Jaime Astarloa, aburrido por la eterna polémica, se retiró antes de lo acostumbrado. Cogió su bastón y su chistera, se despidió hasta el día siguiente y salió a la calle, resuelto a dar un corto paseo antes de regresar a casa. Por el camino fue observando el caldeado ambiente callejero con cierto fastidio; sentía que todo aquello lo afectaba sólo muy superficialmente. Ya empezaba a estar harto de las polémicas entre Cárceles y don Lucas, como lo estaba también del país en que le había tocado vivir.

Pensó, malhumorado, que podían ahorcarse todos ellos con sus malditas repúblicas y sus malditas monarquías, con sus patrióticas arengas y con sus estúpidas reyertas de café. Habría dado cualquier cosa por que unos y otros dejaran de amargarle la vida con tumultos, disputas y sobresaltos cuyos motivos le importaban un bledo. A lo único que aspiraba era a que lo dejasen vivir en paz. En lo que al maestro de esgrima se refería, podían irse todos al diablo.

Sonó un trueno en la distancia mientras una violenta turbonada de aire recorría las calles. Inclinó don Jaime la cabeza y se sujetó el sombrero, apretando el paso. A los pocos minutos rompió a llover con fuerza.

En la esquina de la calle Postas, el agua empapaba el paño azul de los uniformes y corría en gruesas gotas por el rostro de los soldados. Seguían montando guardia con su aire tímido y paleto, la punta de la bayoneta rozándoles la nariz, pegados a la pared para resguardarse de la lluvia. Desde un portal, el teniente contemplaba taciturno los charcos, sosteniendo una pipa humeante en el ángulo de la boca.

Diluvió durante todo el fin de semana. Desde la soledad de su estudio, inclinado a la luz del quinqué sobre las páginas de un libro, escuchó don Jaime la interminable sucesión de truenos y relámpagos que restallaban en la negrura exterior, rasgándola con resplandores que recortaban las siluetas de los edificios cercanos. Sobre el tejado golpeaba el agua con fuerza, y un par de veces tuvo que levantarse para colocar recipientes bajo las goteras que se desplomaban del techo con irritante y líquida monotonía.

Hojeó distraído el libro que tenía en las manos, y sus ojos se detuvieron en una cita, subrayada a lápiz años atrás por él mismo:

… Todas sus sensaciones alcanzaron una elevación hasta entonces ignorada para él.

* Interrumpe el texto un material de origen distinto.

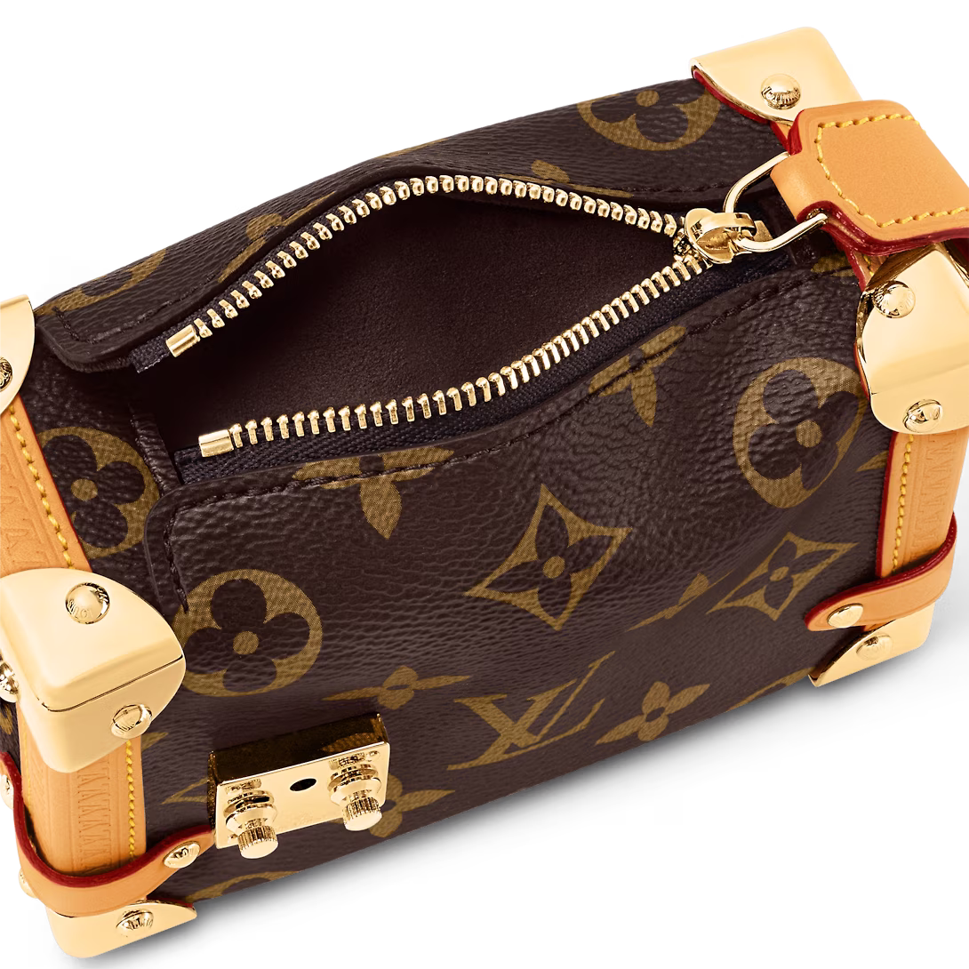The Pico Side Trunk draws inspiration from Louis Vuitton's travel heritage. Crafted from Monogram canvas with natural leather trim, it features the iconic S-lock and metal corners of the House's historic trunks. These heritage details are combined with modern functionality: a secure zip closure, a removable top handle and a removable, adjustable shoulder strap.
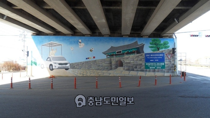 서산시 해미면 중심을 가로지르는 다리(휴암교)에 프란치스코 교황 방문을 기념하는 벽화가 그려졌다.
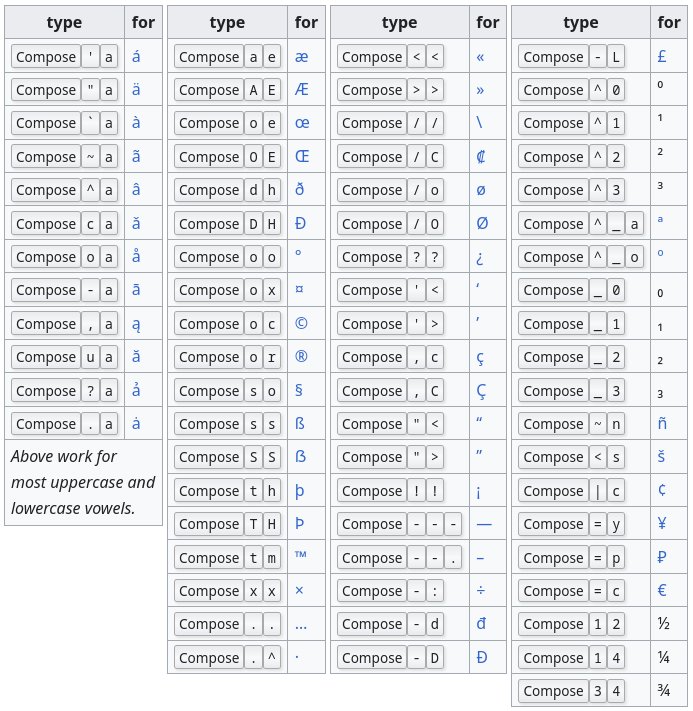 Falls es um die Möglichkeit geht, Unicode-Zeichen einzugeben, befinden wir uns auf einem viel grundsätzlicheren Level. Hier geht es nicht um irgendwelche Anwendungen oder erfundene Tastenkombinationen (wobei ich mir nicht sicher bin, ob es einen ISO-Standard für Compose-Codes gibt), sondern um internationale Standards. Deshalb ist Ctrl+Shift+u Unicode der Königsweg zu den Sonderzeichen.

Vivió las experiencias de una vida infinita mente variada; murió y resucitó, amó hasta la pasión más ardiente y viose separado de nuevo y para siempre de su amada. Al fin, hacia el alba, cuando las primeras luces quebraban la penumbra, en su alma empezó a reinar una creciente paz, y las imágenes se tornaron más claras y permanentes…

Sonrió con infinita tristeza el maestro de esgrima, todavía con un dedo sobre aquellas líneas. Tales palabras no parecían haber sido escritas para Enrique de Ofterdingen, sino para él mismo… En los últimos años se había visto retratado en aquella página con singular maestría; todo estaba allí. Sin duda se trataba del más ajustado resumen de su vida que jamás nadie seria capaz de formular. Sin embargo, en las últimas semanas, algo estaba fallando en el concepto. La creciente paz, las imágenes claras y permanentes que había estimado definitivas, volvían a enturbiarse bajo un extraño influjo que le arrancaba, sin piedad, fragmentos de aquella serena lucidez en la que creyó poder pasar el resto de sus días. Se había introducido en su existencia un factor nuevo, una influencia misteriosa, perturbadora, que le obligaba a plantearse preguntas cuya respuesta se esforzaba en eludir. Era imprevisible a dónde podía conducirle todo aquello.